9/11 inside job said:


> this weeks game between the packers and pats is what manyh including myself think will be a superbowl preview.pats are due to lose and since its in green bay they should barring the pack doesnt do anythign stupid like muff a kickoff punt or the running back fumble at the goal line ot some stupid costly foul.if the past play them close that will bode well for them in the superbowl.this is what i pretty much predicted at the beginning of the season was them in the superbowl but the other team they would be playing i thought for sure would be the seahawks withrm them blowing out belecheat.doesnt look like the hawks will even makit back the way they bene playing,so if the bowout part is correct,it will come from the packers.



Your post is barely readable.


----------



## Papageorgio

New England has gone from toast to the top of the list. 

I have learned to never count out New England, not a favorite team of mine however I respect them and their accomplishments.


----------



## B. Kidd

Papageorgio said:


> New England has gone from toast to the top of the list.
> 
> I have learned to never count out New England, not a favorite team of mine however I respect them and their accomplishments.

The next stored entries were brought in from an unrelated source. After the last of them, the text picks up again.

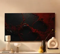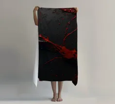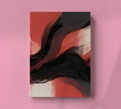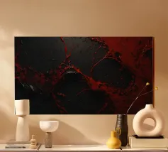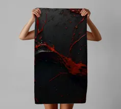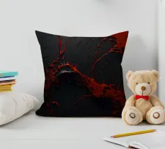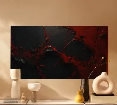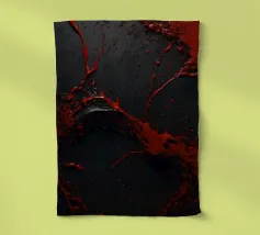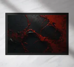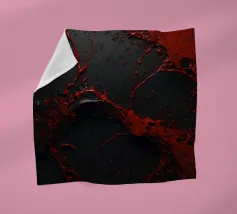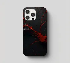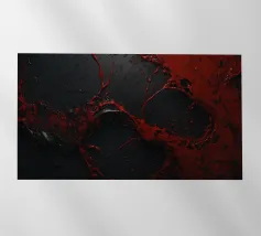 Felrode verf spat over een donkere achtergrond en vormt unieke patronen en vormen. Het contrast benadrukt de artistieke expressie en creëert visuele intrige.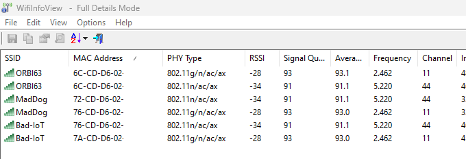 The point of checking the actual MAC address of each WiFi access point that is broadcasting this SSID is to determine exactly which Orbi units are broadcasting the IoT SSID. On Android phones/tablets, I like to use WiFi Analyzer by Kevin Yuan (there are dozens of similar apps). On Windows, the free WiFi Info View by Nirsoft is really convenient because there is an Advanced setting where I enter the specific SSIDs to look for (in this case the primary WiFi SSID and the IoT SSID). That keeps all the neighborhood WiFi systems from distracting me. Then, click on the heading for the MAC column and they all get sorted by MAC address. Each WiFi access point has one hardware MAC address and the Orbi creates "pseudo" MAC addresses for the various activities. 2.4G gets one variation. 5G gets another. The physical hardware LAN another, etc.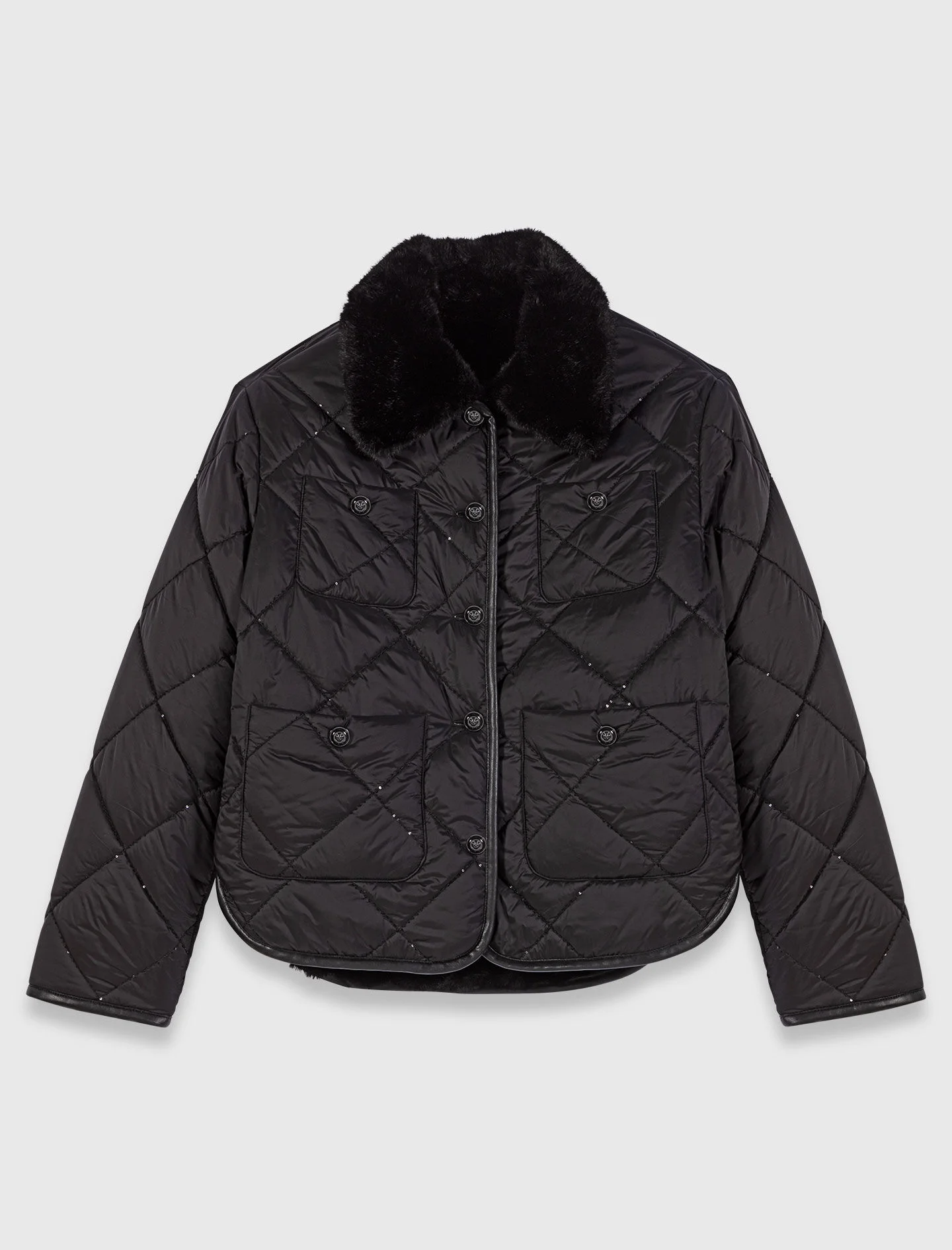 Reversible sequin puffer jacket This season, Maje is reinventing the essentials to envelop your figure in softness and modernity. Reversible, this coat plays on contrasts between a soft, fur-like texture and a quilted effect dotted with discreet sequins. Its loose fit and generous collar give it an assertive style, offering versatile wear. Add a pleated skirt and flat boots to balance the volume, and complete the look with a beanie and a black fringed bag. - Short reversible coat - Faux fur side - Sequin puffer jacket side - Designed for an oversized fit The model is 5' 10 and wears a size 36. Reference: MFPOU01351_2517 Composition & care Main material: 100% polyester Lining: 100% viscose Bias binding: 55% cotton, 45% polyurethane Secondary material: 100% polyamide Do not wash Do not bleach Do not tumble dry Do not iron F/ - Professional dry clean, with hydrocarbon solvent, gentle treatment
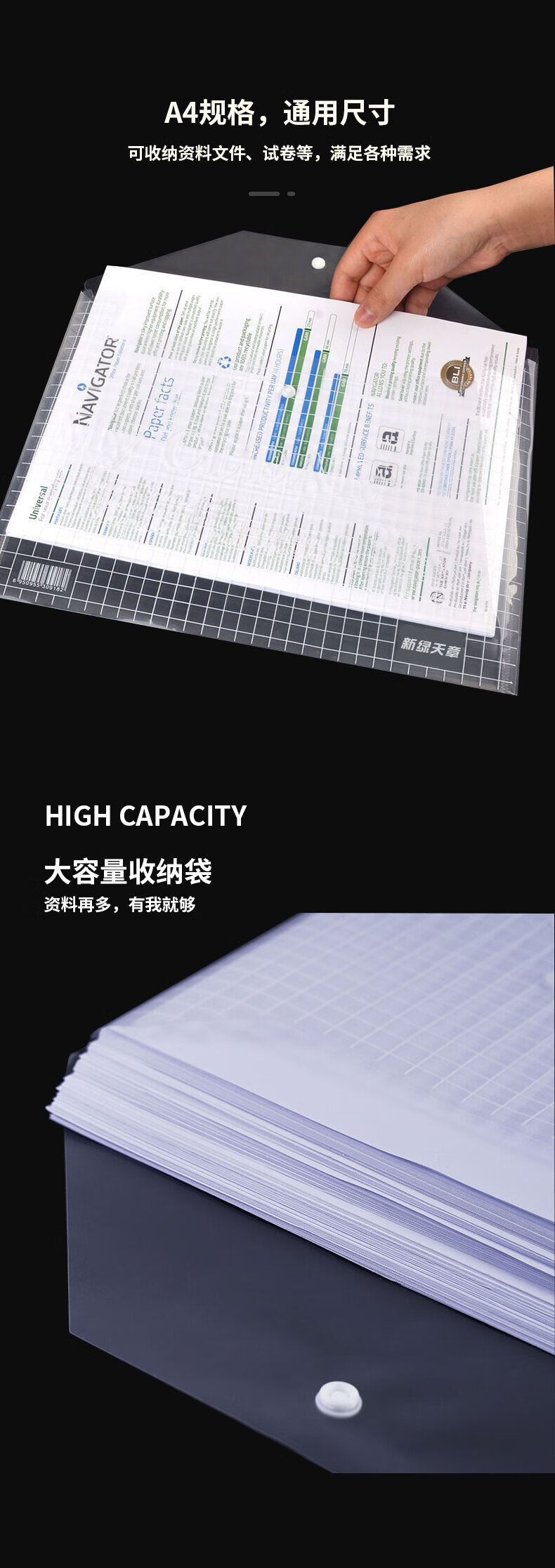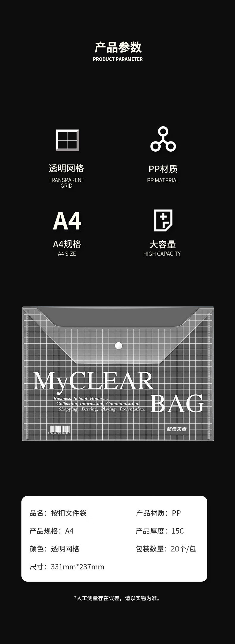 新绿天章 0314 网格 A4 足15C 20个/包 按扣文件袋 (单位:包 )

Belichick is a freakin' magician. Having Brady as the anchor, year after year many other players come and go and he gets the most out of them! How can that not be respected? (and I'm no rave fan of the Pats, either.)


----------



## LA RAM FAN

B. Kidd said:


> Papageorgio said:
> 
> 
> 
> New England has gone from toast to the top of the list.
> 
> I have learned to never count out New England, not a favorite team of mine however I respect them and their accomplishments.
> 
> 
> 
> 
> Belichick is a freakin' magician. Having Brady as the anchor, year after year many other players come and go and he gets the most out of them! How can that not be respected? (and I'm no rave fan of the Pats, either.)
Click to expand...


magician?you cant be serious?  Tom Brady is the dude that  gets the most out of all his players and gets them to play great.

He is one of those rare quarterbacks like Montana  and Elway who made all the players around him better players than they are.average ones into good ones,good ones into great ones like Montana and Elway always did.

Dude Brady saved Belecheats career from the toilet.He was a complete zero and complete loser before Brady came along and rescued his career from the toilet.lol.

ESPN always bills him up as the greatest coach ever.they got to kiss his ass so they can get interviews with him.they never bring up the facts though that before Brady came to the pats,Belecheat was a miserable failure in his previous coaching job with the Cleveland Browns only having one winning season the entire time he was there for five seasons his fourth year there which was a fluke,the fifth and final one he went back to his losing ways again and he got canned.

Matter of fact it was only cause my talk radio station here in my city brought up that fact that I was aware of it.they really tore into him talking about how overrated he is.How he was nothing till Brady came along.

I then wondered why ESPN never talks about that and thats why.my local talk radio show will discuss that because they dont care about not having access to belecheat so they dont hold back those facts about him.

His first year with the pats when he had Bledoe as his quarterback,he did know better than carrol did with him and also had a losing season.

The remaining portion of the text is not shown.